Dec 24 2017 07:43 AM
Good day all!
I'm working on trying to troubleshoot some S2D performance issues (or so I assume they are issues). I'm seeing very low write speeds.
My Setup:
4x Nodes with each node having
- 4x 2TB Samsung 850 Pro
- 8x 4TB HGST 7.2k RPD rust
- 64GB Memory
- E5-2670v2 processors
- LSI/Avago/Broadcom/Whoever they are today 9300-8i HBA running latest firmware
- 2X Mellanox ConnextX3 flashed with 2.4.5030 firmware (read the latest was buggy)

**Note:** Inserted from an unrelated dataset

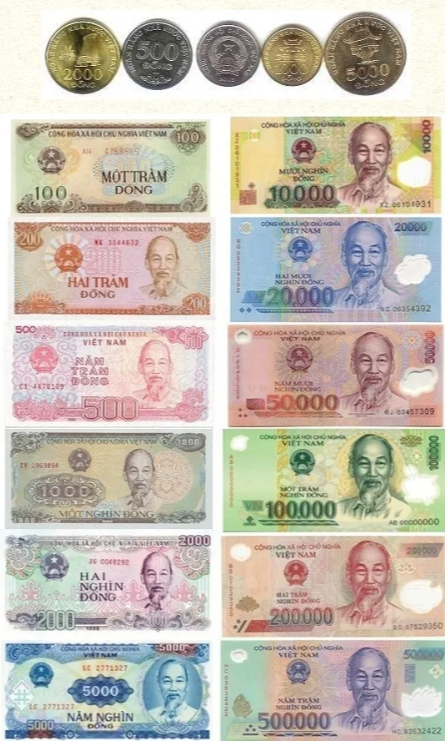 베트남의 화폐는 동이라고 하고, 영어약어는 VND입니다. 동전은 없고 모두 종이 지폐로 이루어져 있어요.
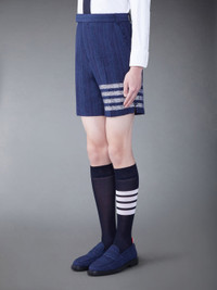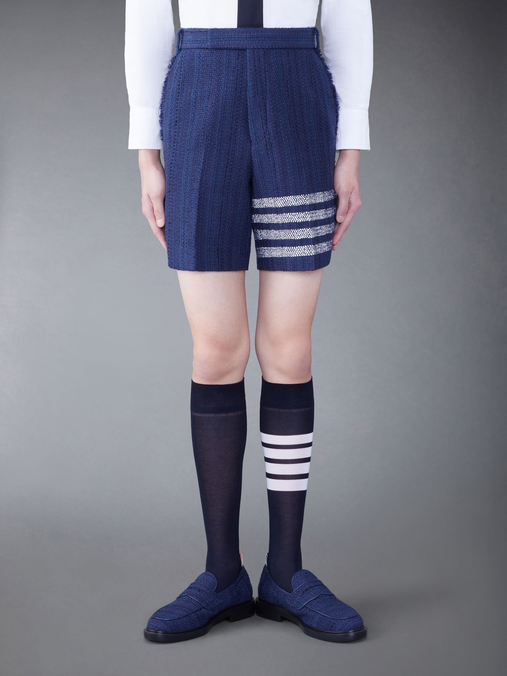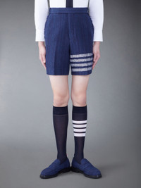 DETAILS & FIT Sophisticated shorts with a high hem that pays homage to Thom Browne’s distinguished tailoring. Our fine tweed fabric is sourced from a fabric mill founded in 1912 in Carlisle, England. Tab front closure 4-Bar detailing Slip side pockets Button-fastening back welt pockets Signature striped grosgrain loop tab Fit 2 - Sack fit Model is 6' 1" (185cm), wearing size 0 40% Polyester, 38% Acrylic, 13% Wool, 6% Cotton, 1% Polyamide, 1% Acetate, 1% Viscose Lining: 100% Cupro MTC221T-F0513-415

My initial configuration was 100% 3-way mirror of HDD with SSD as cache. Saw poor performance so I yanked all the HDD and created a 3-way mirror out of just SSD. Performance wasn't much better.
Read performance isn't horrible, however when transferring a VHDX to S2D, I was only getting about 75-100MB/s. I realize that file transfers is not an optimal test, however at those speeds it will literally take ages from my to live migrate VM's to storage with this performance. I could also tell the VM's running on S2D were impacted by the import of other VM's as well so I'm fairly certain something wrong.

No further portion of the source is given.